To enhance the predictive performance of radiomics models, future studies should integrate multiple imaging modalities like Positron Emission Tomography (PET), and Single Photon Emission Computed Tomography (SPECT). These provide complementary information on tumor microenvironment and bone integrity, potentially improving accuracy. Exploring longitudinal changes in radiomic features can reveal insights into metastasis progression and treatment response. Advanced machine learning techniques, such as deep learning and ensemble learning, can further optimize feature selection and prediction. Finally, validating models in larger, multi-center cohorts is essential for ensuring generalizability and clinical applicability.

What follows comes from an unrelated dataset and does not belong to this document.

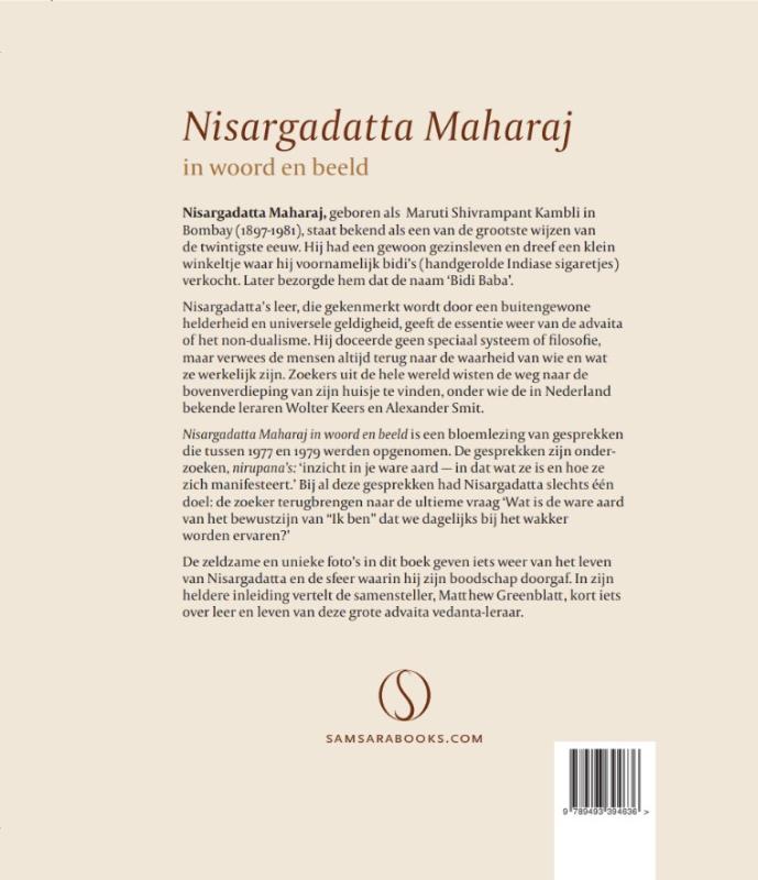 Nisargadata Maharaj, geboren als Maruti Shivrampant Kambli in Bombay (1897-1981), staat bekend als een van de grootste wijzen van de twintigste eeuw. Hij had een gewoon gezinsleven en dreef een klein winkeltje waar hij voornamelijk bidi’s (handgerolde Indiase sigaretjes) verkocht. Later bezorgde hem dat de naam ‘Bidi Baba’. Nisargadata’s leer, die gekenmerkt wordt door een buitengewone helderheid en universele geldigheid, geeft de essentie weer van de advaita of het non-dualisme. Hij doceerde geen speciaal systeem of filosofie, maar verwees de mensen altijd terug naar de waarheid van wie en wat ze werkelijk zijn. Zoekers uit de hele wereld wisten de weg naar de bovenverdieping van zijn huisje te vinden, onder wie de in Nederland bekende leraren Wolter Keers en Alexander Smit. 'Nisargadata Maharaj in woord en beeld' is een bloemlezing van gesprekken die tussen 1977 en 1979 werden opgenomen. De gesprekken zijn onderzoeken, nirupana’s: ‘inzicht in je ware aard — in dat wat ze is en hoe ze zich manifesteert.’ Bij al deze gesprekken had Nisargadata slechts één doel: de zoeker terugbrengen naar de ultieme vraag ‘Wat is de ware aard van het bewustzijn van “Ik ben” dat we dagelijks bij het wakker worden ervaren?’ De zeldzame en unieke foto’s in dit boek geven iets weer van het leven van Nisargadata en de sfeer waarin hij zijn boodschap doorgaf. In zijn heldere inleiding vertelt de samensteller, Mathew Greenblat, kort iets over leer en leven van deze grote advaita vedanta-leraar.

Our study has several limitations. First, the research was a retrospective and single-center study, which made it hard to evaluate the generalizability of outcomes to other cohorts. Prospective studies of larger-scale patients need to be performed before its extensive practical application. Although CT image segmentation was performed by experienced radiologists, the subjectivity of the radiologist may influence the result.

Conclusion

In conclusion, for the first time, this study revealed the primary lung cancer CT image features being correlated with bone metastasis in patients with NSCLC. This signature would offer the auxiliary strategy on bone metastasis early identification and screening in NSCLC. Individualized treatment and metastatic screening plans can be generalized to the patients with high risk based on the established nomogram. The nomogram showed its feasibility and potential clinical application on bone metastasis prediction in NSCLC.